Visioni

Cocktail di movimenti shakerati nella danza

Cocktail di movimenti shakerati nella danzaCoreografia da «Bermudas Tequila Sunrise» – foto di Andrea Macchia

A teatro Una nuova intrigante coreografia di Michele Di Stefano presentata a Bolzano Danza

Pubblicato più di 6 anni faEdizione del 28 luglio 2018

Una luce arancione, calda, gioca a stemperarsi di tono per riaccendersi e ospitare nel suo grembo gioioso la danza.
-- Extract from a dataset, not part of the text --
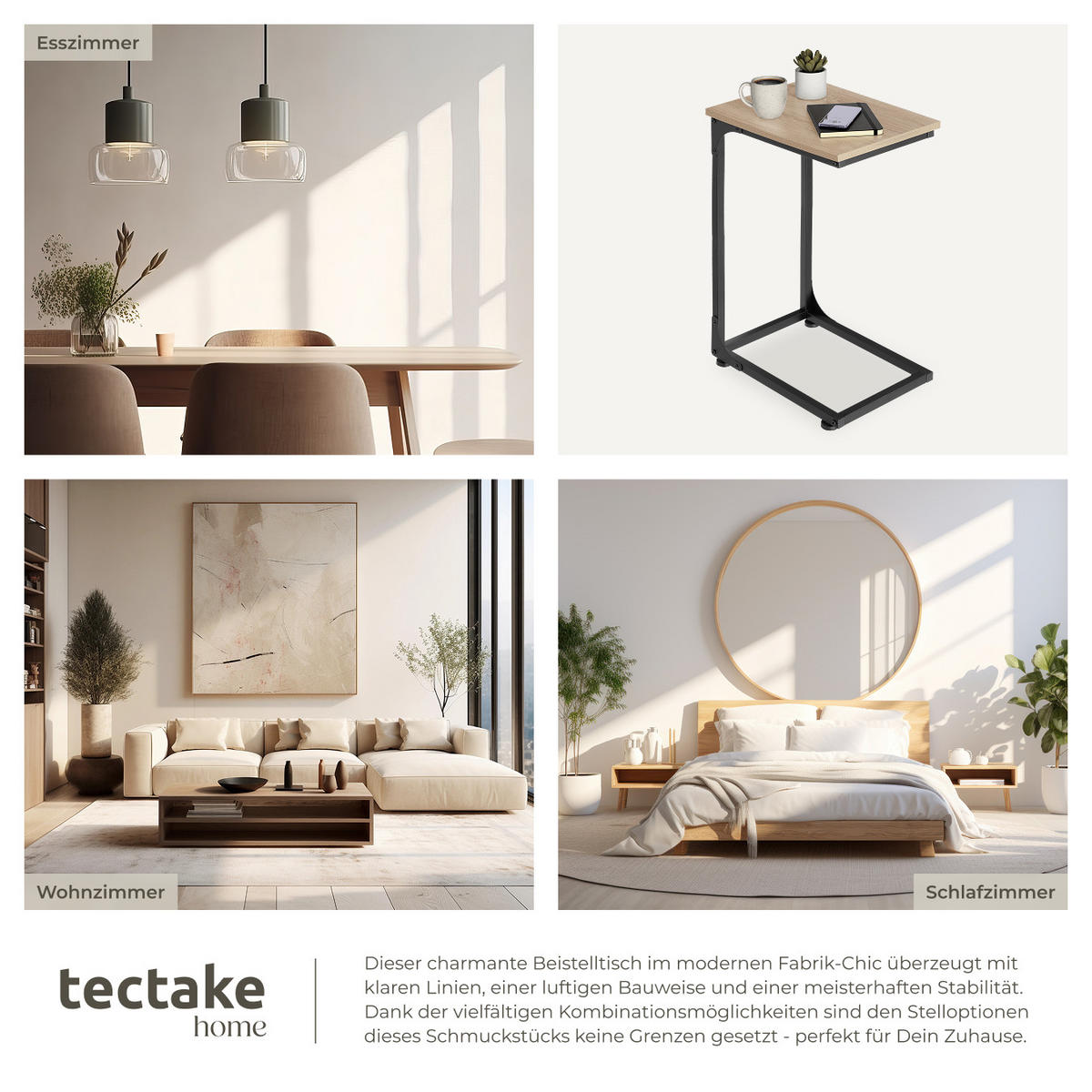 tectake BEISTELLTISCH Erie,40 x 30 x 63 cm,Industrial Holz hell, Eiche Sonoma

Colora in baldanza la grande scena del Teatro Comunale di Bolzano per la prima assoluta al Festival Bolzano Danza di Bermudas_Tequila Sunrise, spettacolo firmato da uno degli artisti più luminosi della danza italiana attuale: Michele Di Stefano.

Leone d’Argento della Biennale di Venezia 2014 diretta da Virgilio Sieni – premio a dir poco azzeccato -, curator della sezione Outdoor 2018 dello stesso festival altoatesino diretto da Emanuele Masi, il salernitano Di Stefano con il suo collettivo MK è uno sperimentatore solare, scientifico eppure leggero (ed è dote rara), capace di lasciare correre il pensiero nei corpi dando coinvolgente visione alle sue perspicaci divagazioni.
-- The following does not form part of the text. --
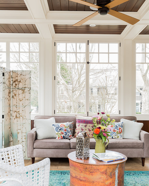 Sunroom tongue and groove ceiling in sunroom

Nei suoi lavori  vibra lo spirito dei viaggiatori, curiosi del nuovo, mai ignari del passato.
Bermudas_Tequila Sunrise ci proietta in un’atmosfera tropicale, un sapore che, sarà anche per la strizzata d’occhio al cocktail del titolo, si espande allegramente dalla scena, una texture dello spazio shakerata dalla danza. A dare il via al pezzo è Marta Ciappina, capelli sciolti, abitino nero, calzettoni verdi, un vortice di movimento con braccia e gambe che toccano per slanci in rotazione lo spazio periferico alla danza. A lei si aggiungono, per entrate singole o di gruppo, gli altri, in tutto sono dieci, c’è anche Biagio Caravano, compagno di strada di MK dalla fondazione, performer e musicista. Bermudas è un progetto modulabile che può avere come interpreti da tre a tredici danzatori.

È un sistema coreografico che si basa su alcuni semplici movimenti, sviluppati per variazioni sempre più complesse per i 45 minuti dello spettacolo. Un moto perpetuo fatto di giri a braccia aperte, di slanci in torsione centrifuga, di fughe orizzontali nello spazio, di movimenti frontali al pubblico in linea verticale, e ancora in tondo. La musica di Kaytlin Aurelia Smith, Juan Atkins/Moritz Von Oswald, Underworld travolge come la danza in un flusso in cui l’incalzare del moto ridà luce al fascino del minimalismo.

Ed è così che mentre i dieci ruotano, camminano, si intrecciano con un virtuosismo non tecnicistico e contemporaneo, la mente va a Dance di Lucinda Childs e Philip Glass, un cult del postmodern con quella scioltezza democratica dello stare in scena, con quel variare il cammino all’infinito. Con Bermudas Di Stefano ha fatto il suo Dance, un pezzo di oggi in cui si sente la mano di un coreografo.